Restate the data below word for word. Skip any images it contains.
--- SOURCE DATA Enclosed Below ---
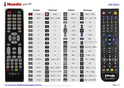Un document est inclus pour vous aider à utiliser facilement la nouvelle télécommande, en indiquant la correspondance des boutons.
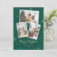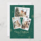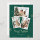 Personalizada fotografia verde e dourada Cartão de Natal Feliz, com uma colagem fotográfica, uma elegante fonte escirpada e fundo verde adornados com neve caindo e flocos de neve. Personalize facilmente este cartão de feriado moderno com as suas fotografias e texto.
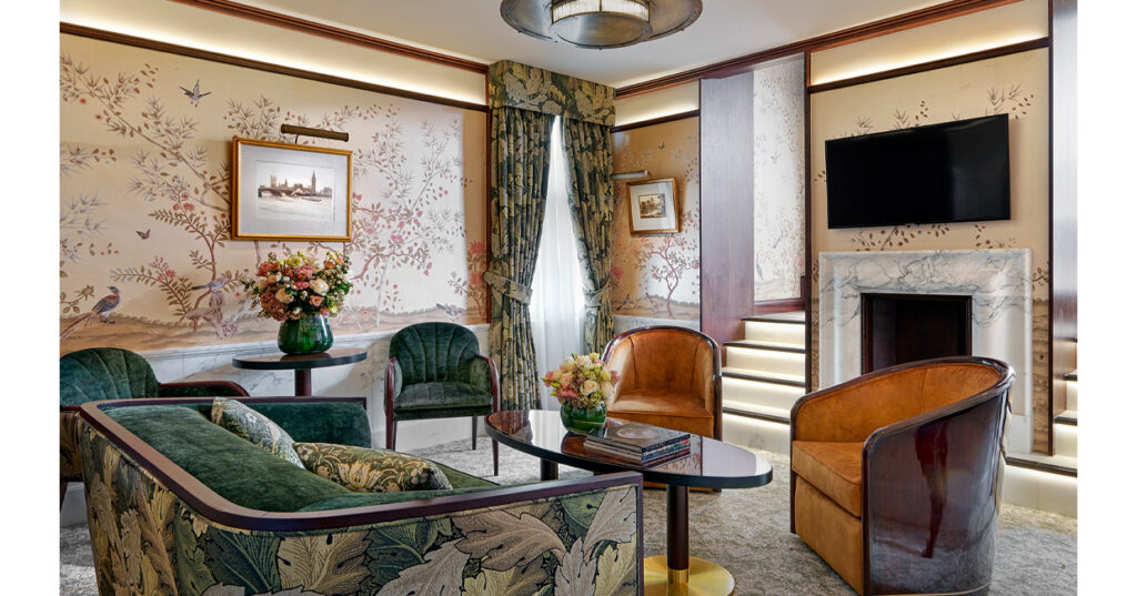 The finishes here are more luxurious with the sitting room adorned with British made wallpaper and fabrics. The custom-made wallpaper, from Fromental, again harks back to the floral undertone employed throughout the new rooms. The curtains and chair fabric, by Morris & Co fabrics, is in a green palette and imbues the space with a sense of luxury. This is further underpinned by the use of specialist British craftsmen who made much of the bespoke furniture, such as the burr walnut tabletops, giving hotel guests a typically British experience.
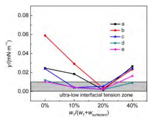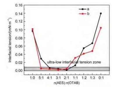 烷基季銨鹽CTAB/AES/保護劑T三組分復配體系在克拉瑪依實際油水體系中獲得超低界面張力
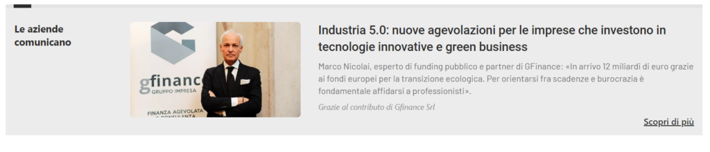 «Per aggiudicarsi tali risorse non basterà adeguarsi a norme e regolamenti europei, ma servirà comprendere i nuovi scenari per il futuro, adottando modelli di business più sostenibili, e favorire lo sviluppo di nuove competenze in azienda – spiega Marco Nicolai, esperto di funding pubblico e partner di GFinance, da oltre 30 anni un punto di riferimento in Lombardia per il settore della finanza agevolata. In questo contesto, comprendere appieno le implicazioni e le opportunità legate alla sostenibilità diventa cruciale per le imprese che aspirano a rimanere competitive e prospere nel panorama economico in evoluzione del 2024».
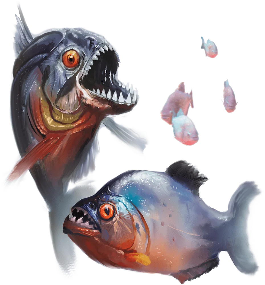 ***Bites.*** *Melee Weapon Attack:* `+5` to hit, reach 0 ft., one creature in the swarm's space. *Hit:* 14 (`4d6`) piercing damage, or 7 (`2d6`) piercing damage if the swarm has half of its hit points or fewer.Environment
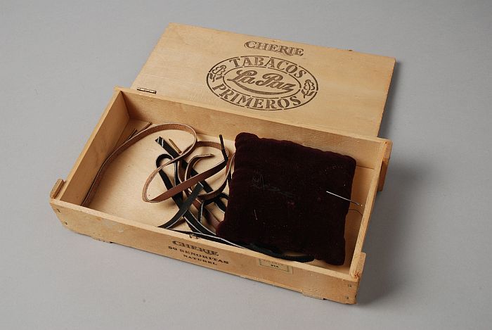 Sigarenkistje met naaigerei, gebruikt bij schoenmake...
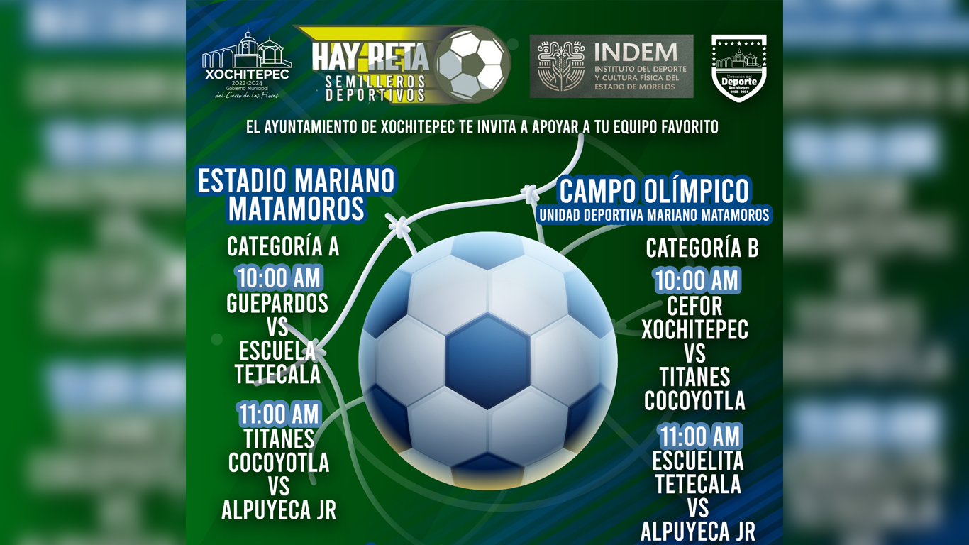 Este sábado 26 de octubre, Xochitepec será el epicentro del deporte con la celebración del torneo de fútbol “Hay Reta”, organizado por el Instituto del Deporte y Cultura Física del Estado de Morelos (INDEM), en colaboración con el ayuntamiento de Xochitepec bajo el gobierno de Roberto Chalo Flores.
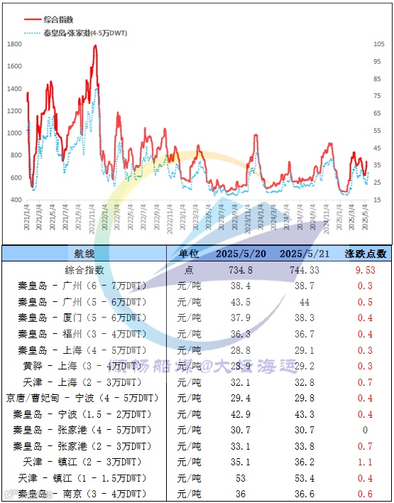 中国沿海运价综合指数上涨9.53点至744.33点,但各航线涨幅收窄(0-1.1元/吨),补库带动船运需求。
--- End of Enclosed SOURCE DATA ---
RESPONSE TO THE TASK:
Un document est inclus pour vous aider à utiliser facilement la nouvelle télécommande, en indiquant la correspondance des boutons.
 Personalizada fotografia verde e dourada Cartão de Natal Feliz, com uma colagem fotográfica, uma elegante fonte escirpada e fundo verde adornados com neve caindo e flocos de neve. Personalize facilmente este cartão de feriado moderno com as suas fotografias e texto.
 The finishes here are more luxurious with the sitting room adorned with British made wallpaper and fabrics. The custom-made wallpaper, from Fromental, again harks back to the floral undertone employed throughout the new rooms. The curtains and chair fabric, by Morris & Co fabrics, is in a green palette and imbues the space with a sense of luxury. This is further underpinned by the use of specialist British craftsmen who made much of the bespoke furniture, such as the burr walnut tabletops, giving hotel guests a typically British experience.
 烷基季銨鹽CTAB/AES/保護劑T三組分復配體系在克拉瑪依實際油水體系中獲得超低界面張力
 «Per aggiudicarsi tali risorse non basterà adeguarsi a norme e regolamenti europei, ma servirà comprendere i nuovi scenari per il futuro, adottando modelli di business più sostenibili, e favorire lo sviluppo di nuove competenze in azienda – spiega Marco Nicolai, esperto di funding pubblico e partner di GFinance, da oltre 30 anni un punto di riferimento in Lombardia per il settore della finanza agevolata. In questo contesto, comprendere appieno le implicazioni e le opportunità legate alla sostenibilità diventa cruciale per le imprese che aspirano a rimanere competitive e prospere nel panorama economico in evoluzione del 2024».
 ***Bites.*** *Melee Weapon Attack:* `+5` to hit, reach 0 ft., one creature in the swarm's space. *Hit:* 14 (`4d6`) piercing damage, or 7 (`2d6`) piercing damage if the swarm has half of its hit points or fewer.Environment
 Sigarenkistje met naaigerei, gebruikt bij schoenmake...
 Este sábado 26 de octubre, Xochitepec será el epicentro del deporte con la celebración del torneo de fútbol “Hay Reta”, organizado por el Instituto del Deporte y Cultura Física del Estado de Morelos (INDEM), en colaboración con el ayuntamiento de Xochitepec bajo el gobierno de Roberto Chalo Flores.
 中国沿海运价综合指数上涨9.53点至744.33点,但各航线涨幅收窄(0-1.1元/吨),补库带动船运需求。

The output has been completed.